Your answers in each question can be a combination of markdown and Julia code.
</div>

## Preliminaries

In [None]:
NAME = ""
NETID = ""

Next, please take the honor pledge by reordering the following phrases so that it makes sense to you, and then typing the resulting full sentence.

- and that this work is my own.
- or received
- I have not given
- I affirm that
- on this assignment,
- any unauthorized help 

In [None]:
HONOR_PLEDGE = ""

---

# Problem Set 4

This problem set will be unusual in that it'll be half a lab section and half a problem set.

The first half (or so) of the problem set will feel lab-like because it introduces creating and solving MDPs using the `POMDPs.jl` package (an incredibly done package!).
Critically, this lab-like structure will be necessary for the remainder of the problem set, and you will receive many of your points merely for going through the material.

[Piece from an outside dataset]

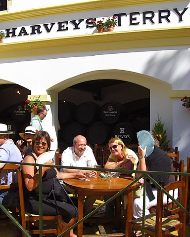 After a stroll around the fairground Pipocas & family had to get going, so the rest of us carried on seriously drinking being festive and stumbled into this caseta owned by the famous Domecq family. That’s “J”, Nog, “R” and R’s camera-shy friend enjoying getting fried in the very hot sun.

<!-- It'll feel like a lab section in that there is a good portion of the problem set that introduces how you can create and solve a markov decision problem using the POMDPs.jl package in Julia (a very well done package!). Critically, this will be worth the effort: Rest of the problem set depends on it, and you will get a good chunk of your points for merely going through that material. -->

The second half (or so) of the problem set will feel more pset-like as you will be tasked with creating generative models and making inference using it.
Like previous problem sets, you will be graded on these models and your inferences as well.

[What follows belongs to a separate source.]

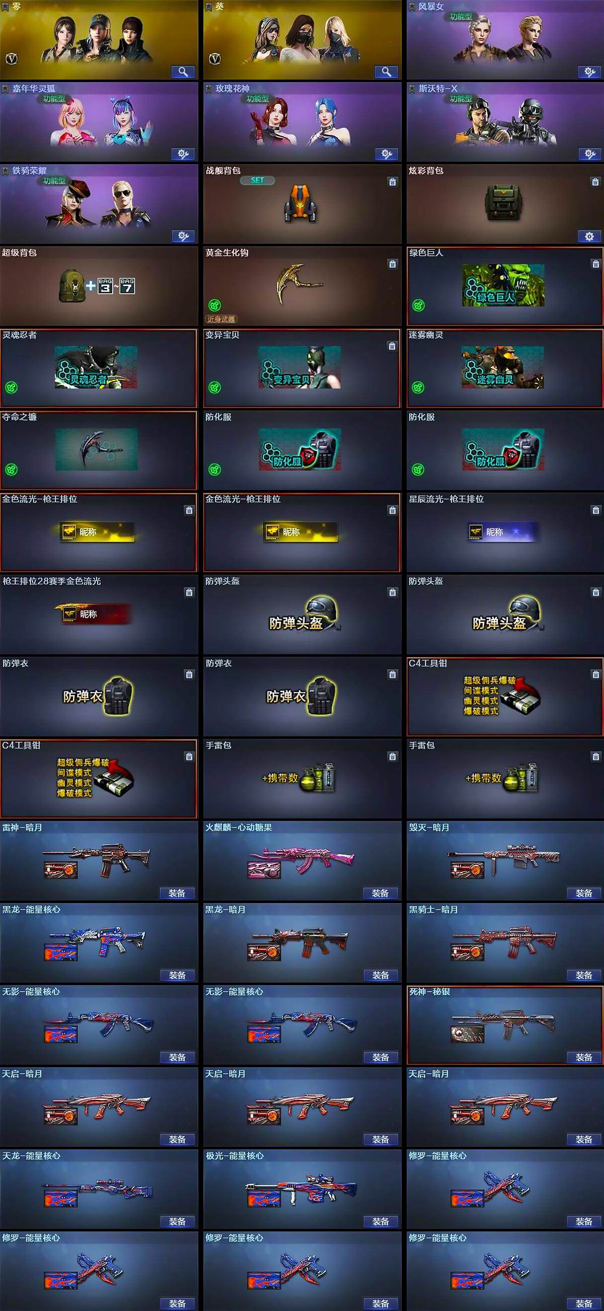 【皮肤】:雷神-暗月,火麒麟-心动糖果,毁灭-暗月,黑龙-能量核心,黑龙-暗月,黑骑士-暗月,无影-能量核心*2,死神-秘银,天启-暗月*3,天龙-能量核心,极光-能量核心,修罗-能量核心*4
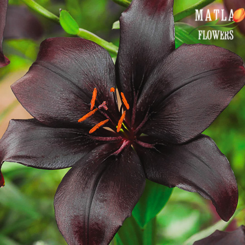 & У висотутака лілія сягає 80 – 110 см, красиві пелюстки чорного кольору при світлі маютьнасичений бордовий відтінок. Яскраві помаранчеві тичинки прекрасно …

Enjoy the problem set &ndash; we think it'll be fun!

In [None]:
import Pkg
Pkg.activate("psyc261")
Pkg.add([
    "Distributions",
    "POMDPs",
    "POMDPTools",
    "POMDPPolicies",
    "POMDPSimulators",
    "DiscreteValueIteration",
    "Compose",
    "StaticArrays",
    "ColorSchemes",
])
# load necessary packages for this problem set
# Note that running this for the first time might take a good 15 mins; plan ahead
using Random
using Gen
using Plots
using DelimitedFiles
using POMDPs, POMDPTools, POMDPPolicies, POMDPSimulators
using Compose
using StaticArrays
using ColorSchemes

## Question 1: Inferring rewards in an MDP

We will work on a maze-navigation problem in a grid-world domain.
As this is a grid-world MDP, the agent **fully observes** its location (a coordinate-pair).
The agent may stochastically move in one of the cardinal directions.
Lastly, the agent may receive a positive or negative reward for entering particular states.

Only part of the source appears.